PiDR: Physics-Informed Inertial Dead Reckoning for Autonomous Platforms

Authors:
Arup Kumar SahooItzik Klein

arXiv:2601.03040v2 Announce Type: replace-cross Abstract: A fundamental requirement for full autonomy is the ability to sustain accurate navigation in the absence of external data, such as GNSS signals or visual information. In these challenging environments, the platform must rely exclusively on inertial sensors, leading to pure inertial navigation. However, the inherent noise and other error terms of the inertial sensors in such real-world scenarios will cause the navigation solution to drift over time. Although conventional deep-learning models have emerged as a possible approach to inertial navigation, they are inherently black-box in nature. Furthermore, they struggle to learn effectively with limited supervised sensor data and often fail to preserve physical principles. To address these limitations, we propose PiDR, a physics-informed inertial dead-reckoning framework for autonomous platforms in situations of pure inertial navigation.
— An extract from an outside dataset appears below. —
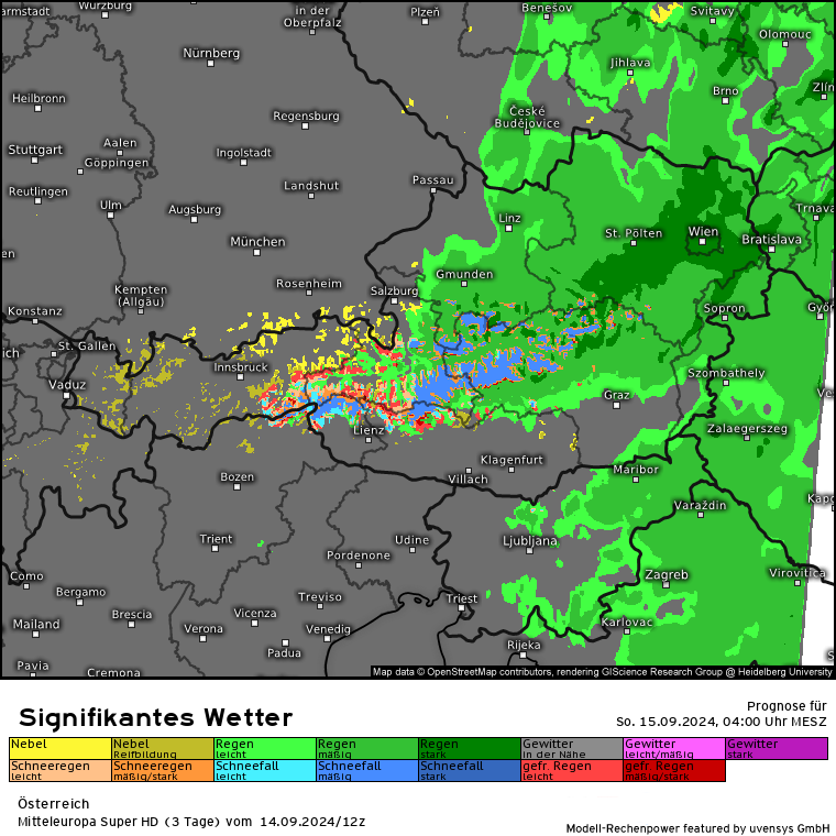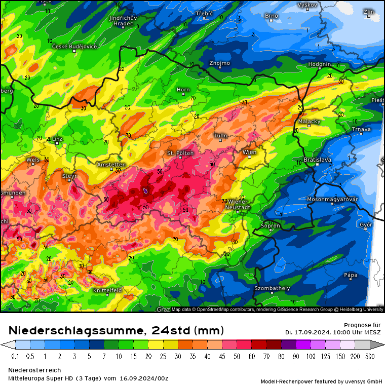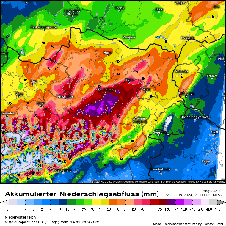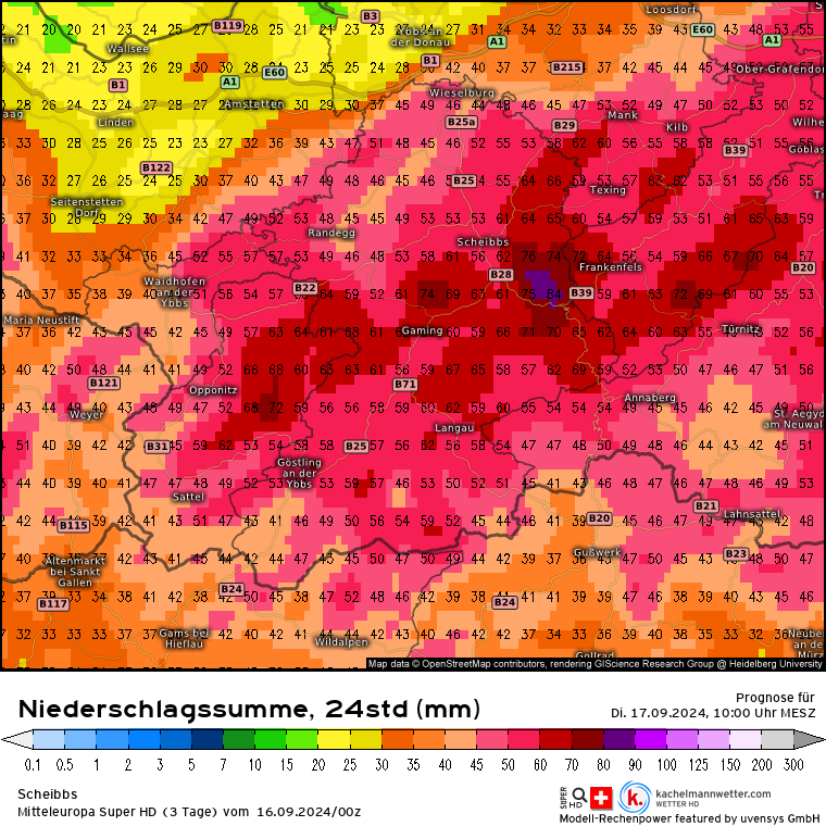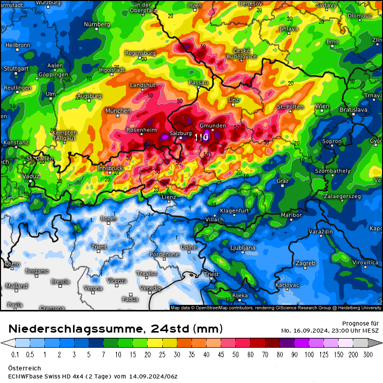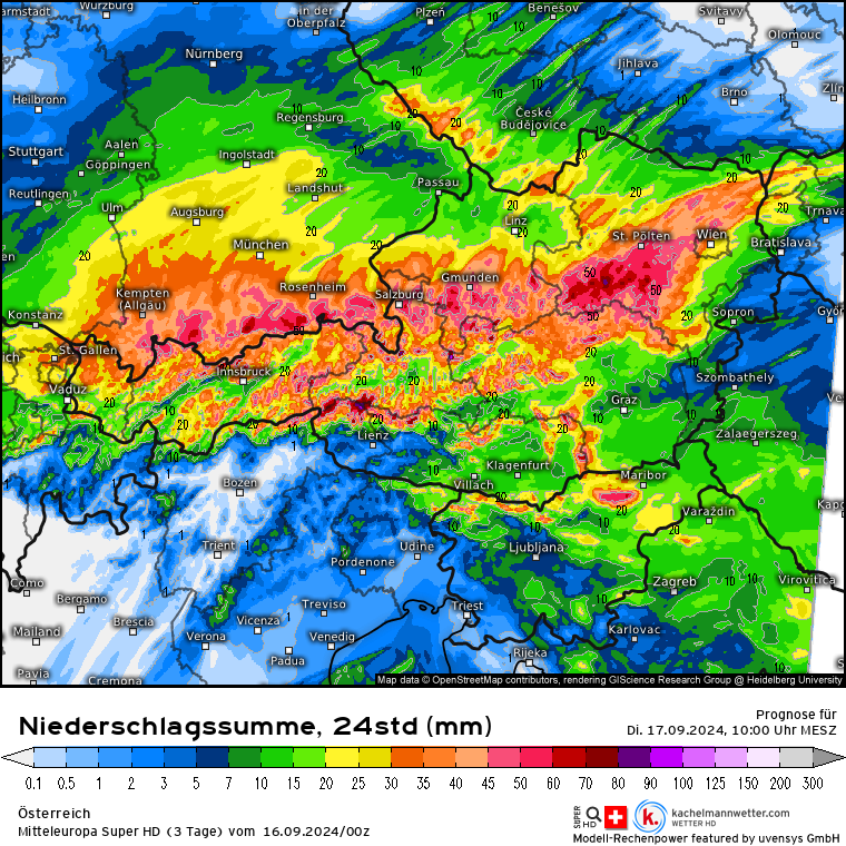 Trauriger Rekordhalter in Sachen Niederschlag dürfte in Österreich wie erwartet in Niederösterreich liegen: Bergstation Lackenhof am Ötscher. Vom Freitag (13.09.) bis aktuell heute sind dort 465 mm Niederschlag gefallen. Alleine in der Nacht von 22 bis 23 Uhr in einer Stunde 53 mm! Die mittlere Monatssumme beträgt dort 199 mm, somit ist innerhalb von 3,5 Tagen die mehr als doppelte Monatsmenge dort gefallen.
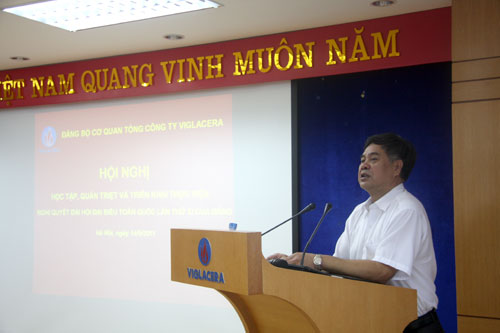 Thực hiện Kế hoạch số 12-KH/QU ngày 25/5/2011 của Quận ủy Cầu Giấy về việc học tập, quán triệt và triển khai thực hiện Nghị quyết Đại hội đại biểu toàn quốc lần thứ XI của Đảng, sáng 14/9/2011 tại Hà Nội, Đảng ủy Cơ quan Tổng công ty VIGLACERA tổ chức Hội nghị học tập, quán triệt và triển khai thực hiện Nghị quyết Đại hội đại biểu toàn quốc lần thứ XI của Đảng.

PiDR offers transparency by explicitly integrating inertial navigation principles into the network training process through the physics-informed residual component. PiDR plays a crucial role in mitigating abrupt trajectory deviations even under limited or sparse supervision. We evaluated PiDR on real-world datasets collected by a mobile robot and an autonomous underwater vehicle. We obtained more than 29% positioning improvement in both datasets, demonstrating the ability of PiDR to generalize different platforms operating in various environments and dynamics. Thus, PiDR offers a robust, lightweight, yet effective architecture and can be deployed on resource-constrained platforms, enabling real-time pure inertial navigation in adverse scenarios.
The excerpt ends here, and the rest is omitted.